United Nations Committee on Economic, Social and Cultural Rights: Third Periodic Report on Ireland

The Irish Government was examined by the United Nations Committee on Economic, Social and Cultural Rights on the 8th and 9th of June in Geneva. The UN Committee comprises of a group of 18 independent international experts, who examined the Irish State’s progress in protecting, respecting and promoting the rights contained in the International Covenant on Economic, Social and Cultural Rights.

The Committee was established under ECOSOC Resolution 1985/17 of 28 May 1985 to carry out the monitoring functions assigned to the United Nations Economic and Social Council (ECOSOC) in Part IV of the Covenant.

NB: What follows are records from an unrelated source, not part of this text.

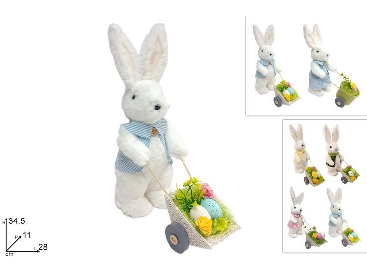 CONIGLIO PELLICCIA C/CARRETTO 34cm COL.ASS.
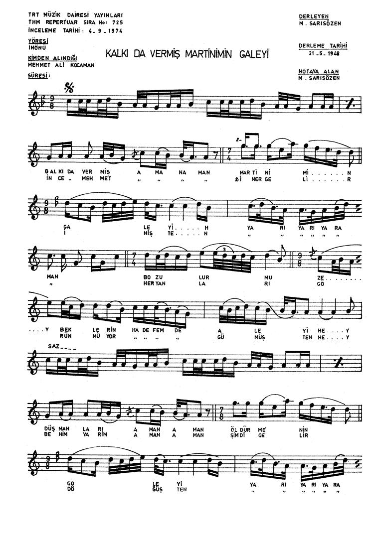 | Nota Bilgileri | Türkü Dinle | Adım adım Türkiye | Linkler |
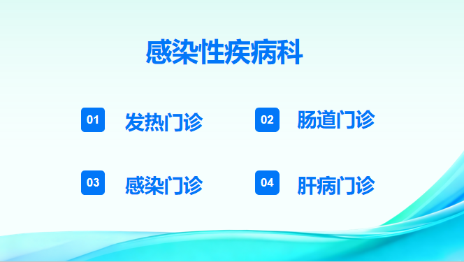 科室下设发热门诊、感染门诊、肠道门诊、肝病门诊四个亚专业,接诊范围包括:

The role of the UN committee is to place pressure on governments to fulfil their obligations under the UN conventions by identifying political and administrative failings. Unfortunately no sanctions are available however the committee issues observations which highlight issues thereby publicly exposing the concerns which in turn places pressure on the governments to implement changes.

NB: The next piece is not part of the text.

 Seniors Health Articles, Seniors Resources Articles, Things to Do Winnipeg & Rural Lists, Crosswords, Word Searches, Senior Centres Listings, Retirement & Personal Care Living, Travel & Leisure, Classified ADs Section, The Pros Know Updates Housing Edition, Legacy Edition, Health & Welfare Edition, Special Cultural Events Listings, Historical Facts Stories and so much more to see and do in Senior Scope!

Government representatives spent two days explaining and defending policy decisions affecting low income families and disadvantaged and minority groups including asylum seekers.

A delegation led by the Minister of State at the Department of Foreign Affairs Seán Sherlock faced questions from the UN on how it has complied with obligations under the International Covenant on Economic, Social and Cultural Rights. A number of Irish civil society organisations also presented an independent view of the Government’s track record, in a formal meeting with the UN Committee.

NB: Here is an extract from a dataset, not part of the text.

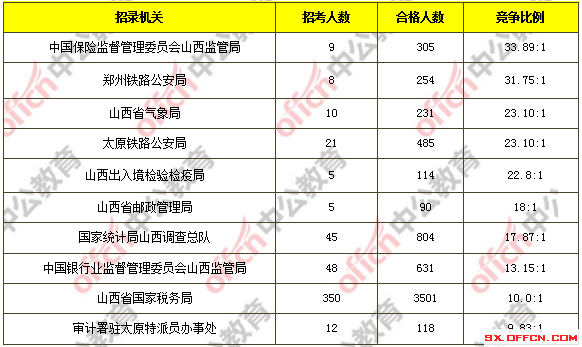 为帮助广大考生更清晰的了解今日报名情况,山西中公教育整理了审核通过人数前十位的部门以及竞争比例最激烈的十大部门,供广大考生参考:

The government clashed with the state’s equality watchdog and the civil society organisations over their claims that the poorest, including asylum seekers living in Direct Provision Accomodation have borne the brunt of the recession here.

emily_logan_Emily Hogan from the Irish Human Rights and Equality Commission heavily criticised the government maintaining that fiscal consolidation had taken priority over human rights, resulting in family poverty and high youth unemployment. In speaking about Direct Provision she described it as a ‘severe violation of human rights’.

Direct Provision was a considerable concern of the committee who concluded in their report that this administrative system violated a number of rights of asylum seekers. Asylum seekers continue to live in inadequate and poor communal accommodation for extensive periods of time, are prevented from working, and are required to live on a meagre sum of €19.10 per week per adult, and €9.60 per week, per child.

The Committee will release its formal, written concluding observations and recommendations on the reports of Ireland towards the end of its three-week session, which will conclude on 19 June 2015.

Sinnott Solicitors look forward to release of this report and hope that the observations will result in the government overhauling the Direct Provision system and implementing positive changes to respect, protect and fulfil the economic, social and cultural rights of asylum seekers living in Ireland.